The other clusters each present unique challenges for organizing, and may require task-force like effort to effect meaningful change.

Conclusion

Civic and political campaigns have long relied upon voter files and predictive modeling to identify individual voters (or potential voters) for calls to action and support. However, the individual theory of civic engagement is fundamentally incomplete: while we all enter the voting booth on our own, the neighborhood that the polling place is in, and the community of voters surrounding that polling place shapes who gets to the ballot in the first place.

By bringing in venue data from Foursquare, we’ve been able to cluster these neighborhoods on the basis of the places where people go. In other words, we’ve identified the centers of gravity for community organizing. Employing a venue based strategy offers a hidden benefit.

Voter files are only as good as their latest data. Because the precise targets we’re trying to reach are infrequent or non-voters, voter file managers have an understandably difficult time getting data about them into the file and keeping their information up to date, especially compared to an every elections voter.

By removing the need to track each voter individually and focus instead on programming with stable community partners, less error or wasted effort is introduced.

An additional thought: Experienced organizers and longtime residents may not actually find anything new in this report. This makes sense; the report is less about uncovering some hidden understanding than to make explicit the implicit wisdom gained through many contact hours in the field.

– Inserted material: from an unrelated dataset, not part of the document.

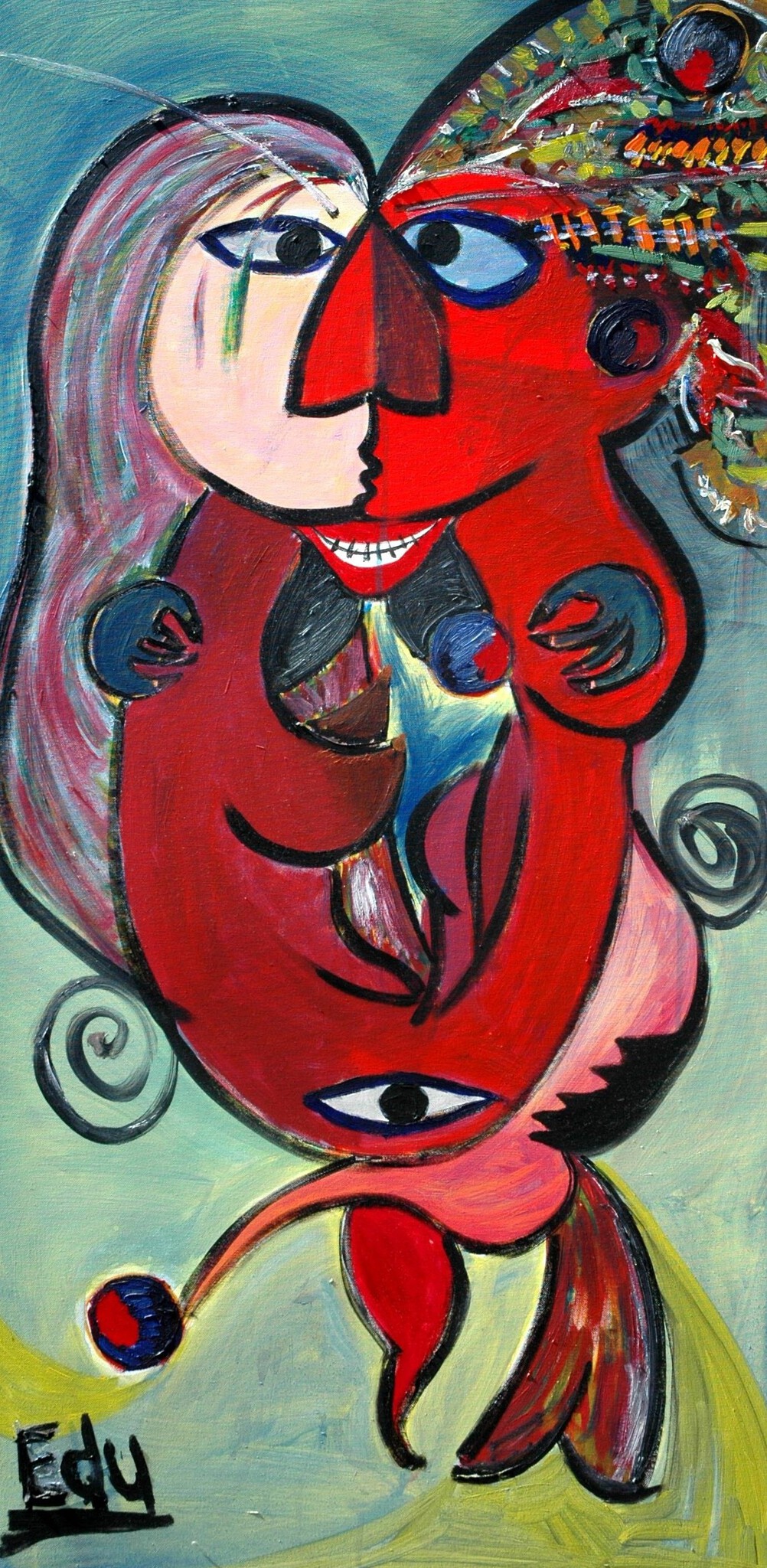 De huidige Edu schildert met waterbased olieverf op canvas, kenmerkend zijn de felle kleuren en de verstilde beweging.
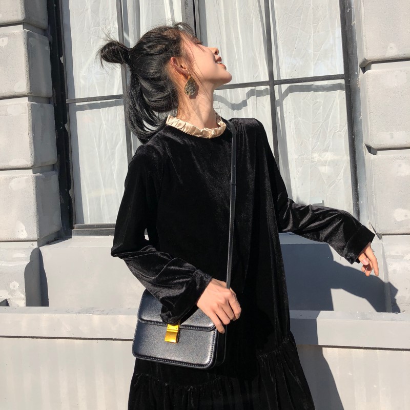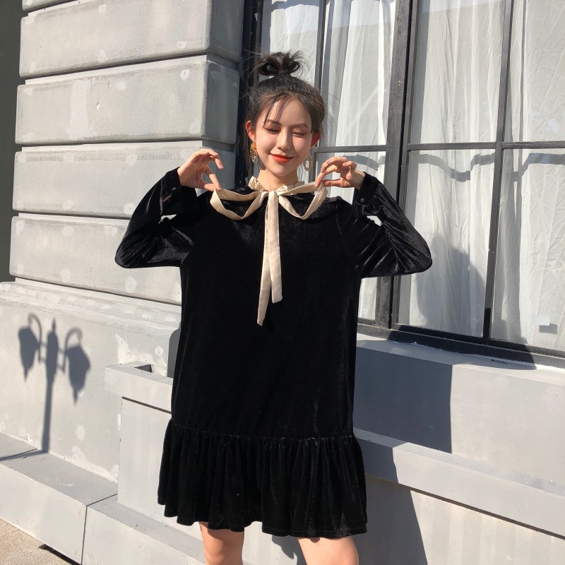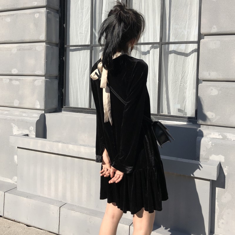 / 時尚港味秋裝女2018新款裙子百搭顯瘦前后兩穿中長款絲絨連衣裙女

Organizing is a profession with high burnout rates, chronic under-resourcing, and short tenures in most locations. It is rare to meet community activists who’ve been able to make the kinds of years and decades long efforts to erode or eradicate stubborn problems like gaps in voter equity. The ultimate worth of reports and analysis like this is to facilitate a faster time to effectiveness for organizers and campaigns who are not privliged enough to have deep human expertise to rely upon. If this model for neighborhood based organizing using venue data can help a campaign more effectively distribute their limited resources, that’s an outstanding result in the author’s opinion.